= Beginning of Section =

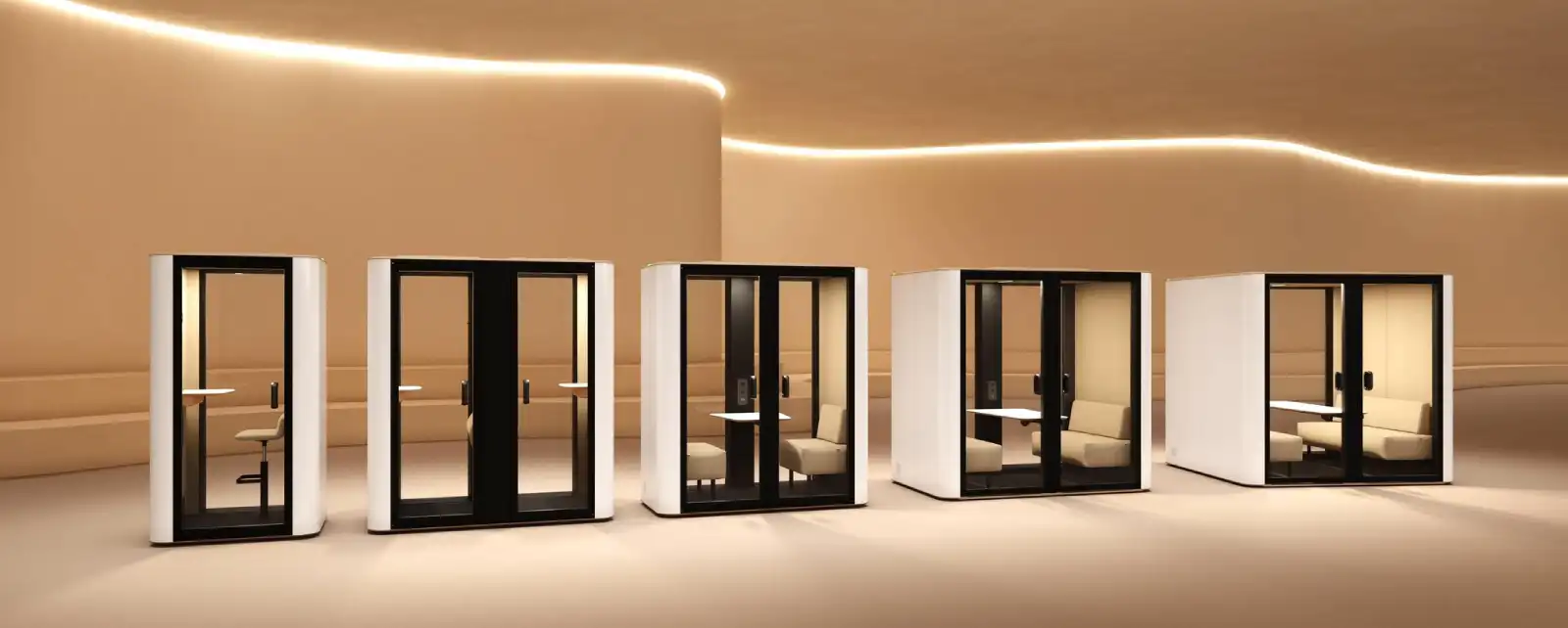 Step inside, and it doesn't feel like a box. The interiors are comfortable, well-proportioned and suited to all-day working, complete with contemporary furnishings, adjustable lighting and a ventilation system that continuously renews the air around you. The larger models feature double doors, making access feel natural and unrestrictive — a detail that reflects the care taken across the entire design.
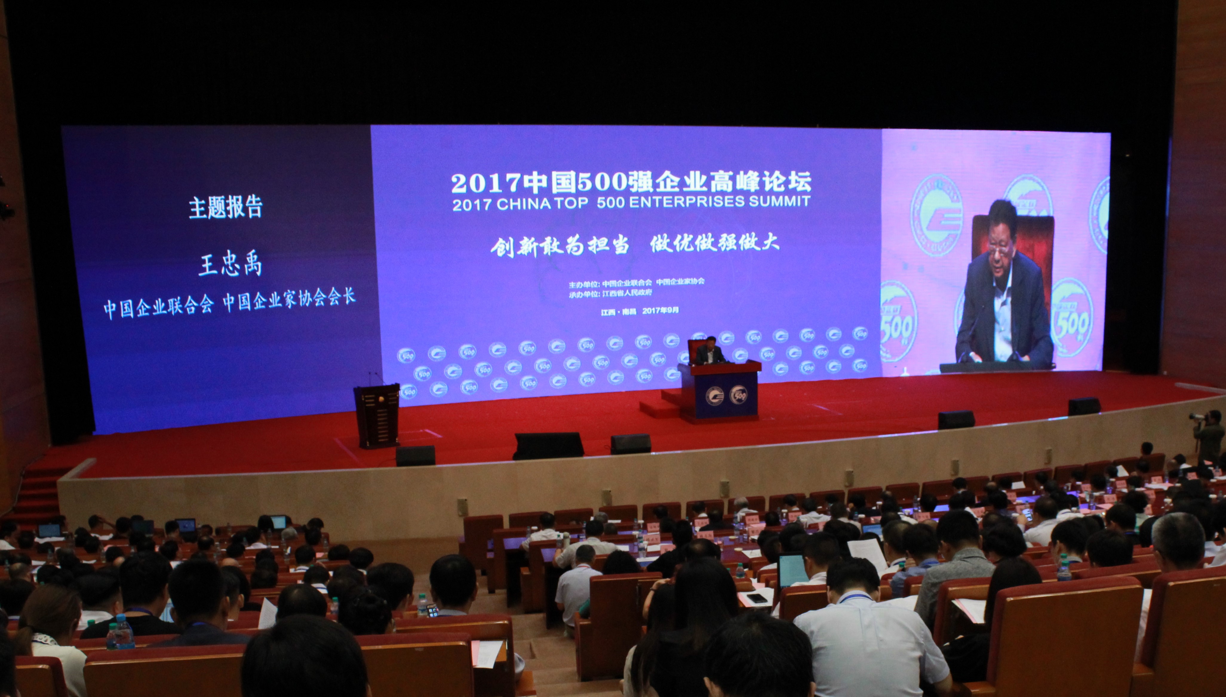 9月10日,王忠禹会长在中国企业500强高峰论坛上,作《创新敢为担当 扎实做优做强做大》主题报告,刘奇省长致辞。来自世界500强、中国500强企业的高层领导人、著名专家学者、主流传媒代表等1000多人出席会议。
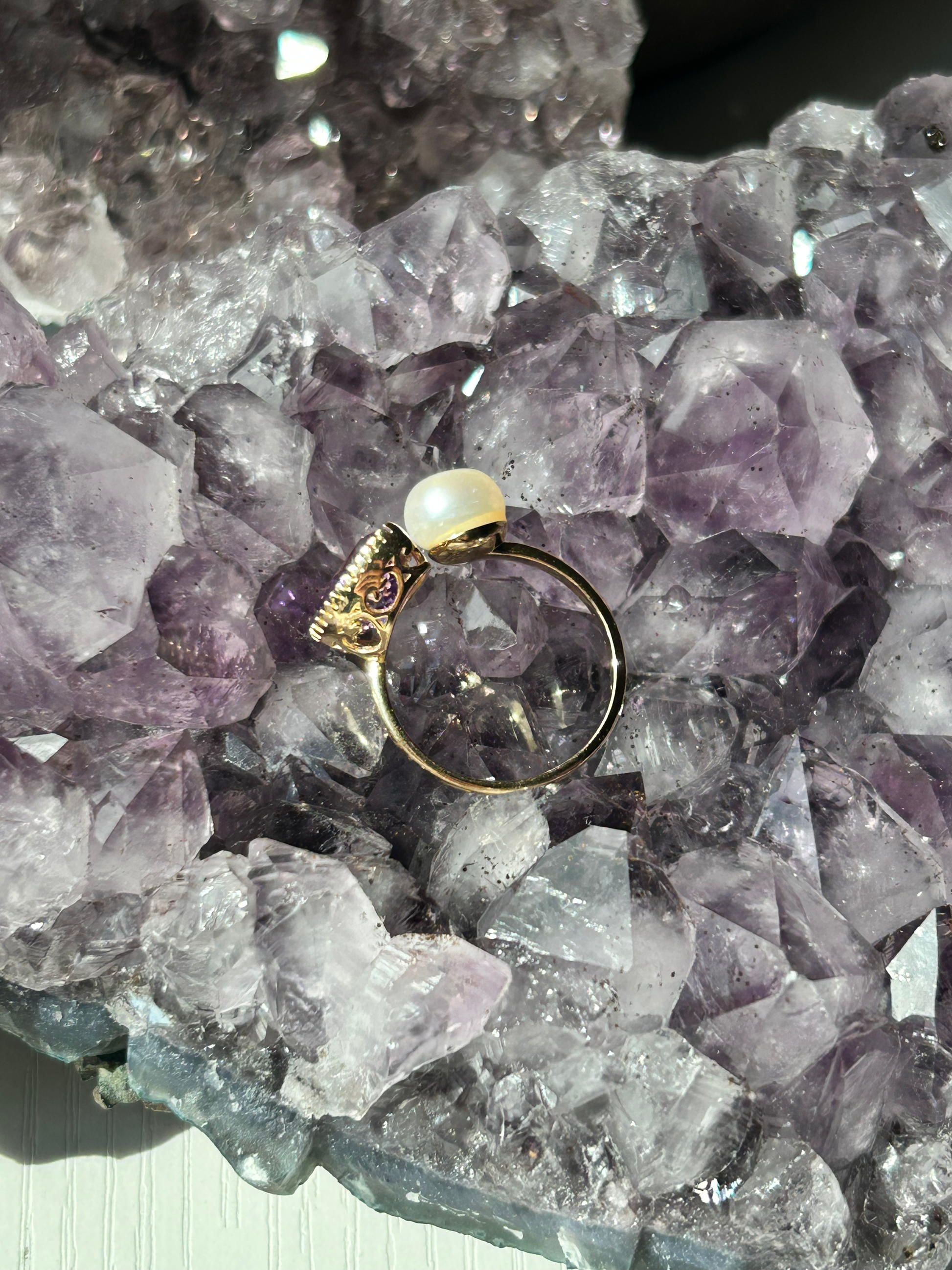 Pearl + Amethyst Ring | Size 8
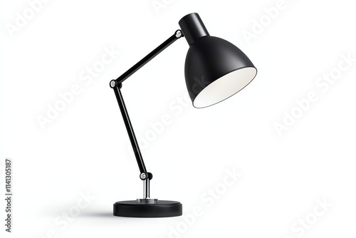 A modern black desk lamp with an adjustable arm, perfect for providing focused light in workspaces or study areas.
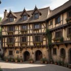 A picturesque street featuring charming, timber-framed buildings adorned with flower boxes. The warm glow of lights invites visitors to cosy pubs and cafes, enhancing the quaint village atmosphere.
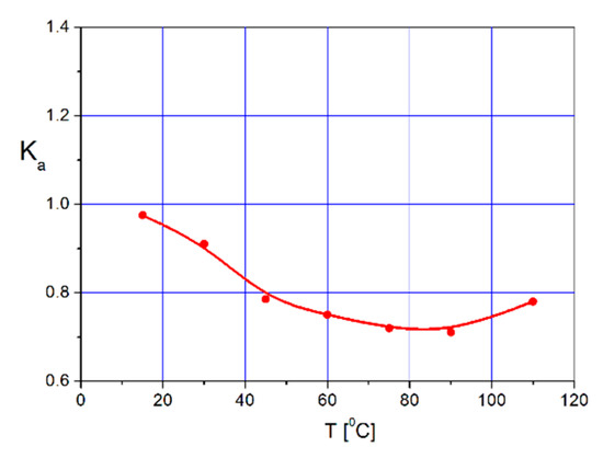 Since temperature is a crucial factor influencing the dielectric response characteristic of insulation, it needs to be taken into consideration during analysis. This issue also concerns the SVM tests, as the temperature of the bushings may influence the calculated value of the absorption coefficient Ka. This especially applies when measurements were taken in conditions of a big temperature difference within the bushings’ core. For this reason, an experiment was conducted to determine the dependence between temperature and Ka coefficient values. Measurements were taken for the temperature range of 15–110 °C. Figure 10 presents the Ka values as a function of temperature for the PTK 52 kV bushing. The absorption coefficient ranged in value from 0.7 to 0.98, which means that, for a temperature of ∆T = 95 °C, the relative changes of Ka amounted to around 40%. Considering that the impact of the temperature on the dissipation factor tgδ50Hz is much higher, the absorption coefficient Ka as a descriptor of the condition of insulation is much more temperature-independent compared to the dielectric loss factor. Furthermore, Ka changes in a wide temperature range, classifying it within a certain range of criteria values for insulation assessment.
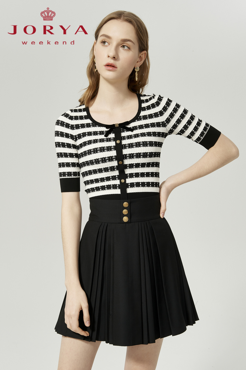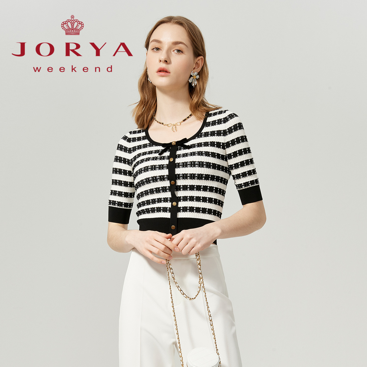 Zhuoja over the weekend 2022 spring and summer new sweet and round neckline striking striated dress with 50% sleeves-knitted sweatshirt EJWCAQ15

= End of Section =

## Exercise instructions
Print every line of the material exactly as written, but drop the pictures.

## Response below
 Step inside, and it doesn't feel like a box. The interiors are comfortable, well-proportioned and suited to all-day working, complete with contemporary furnishings, adjustable lighting and a ventilation system that continuously renews the air around you. The larger models feature double doors, making access feel natural and unrestrictive — a detail that reflects the care taken across the entire design.
 9月10日,王忠禹会长在中国企业500强高峰论坛上,作《创新敢为担当 扎实做优做强做大》主题报告,刘奇省长致辞。来自世界500强、中国500强企业的高层领导人、著名专家学者、主流传媒代表等1000多人出席会议。
 Pearl + Amethyst Ring | Size 8
 A modern black desk lamp with an adjustable arm, perfect for providing focused light in workspaces or study areas.
 A picturesque street featuring charming, timber-framed buildings adorned with flower boxes. The warm glow of lights invites visitors to cosy pubs and cafes, enhancing the quaint village atmosphere.
 Since temperature is a crucial factor influencing the dielectric response characteristic of insulation, it needs to be taken into consideration during analysis. This issue also concerns the SVM tests, as the temperature of the bushings may influence the calculated value of the absorption coefficient Ka. This especially applies when measurements were taken in conditions of a big temperature difference within the bushings’ core. For this reason, an experiment was conducted to determine the dependence between temperature and Ka coefficient values. Measurements were taken for the temperature range of 15–110 °C. Figure 10 presents the Ka values as a function of temperature for the PTK 52 kV bushing. The absorption coefficient ranged in value from 0.7 to 0.98, which means that, for a temperature of ∆T = 95 °C, the relative changes of Ka amounted to around 40%. Considering that the impact of the temperature on the dissipation factor tgδ50Hz is much higher, the absorption coefficient Ka as a descriptor of the condition of insulation is much more temperature-independent compared to the dielectric loss factor. Furthermore, Ka changes in a wide temperature range, classifying it within a certain range of criteria values for insulation assessment.
 Zhuoja over the weekend 2022 spring and summer new sweet and round neckline striking striated dress with 50% sleeves-knitted sweatshirt EJWCAQ15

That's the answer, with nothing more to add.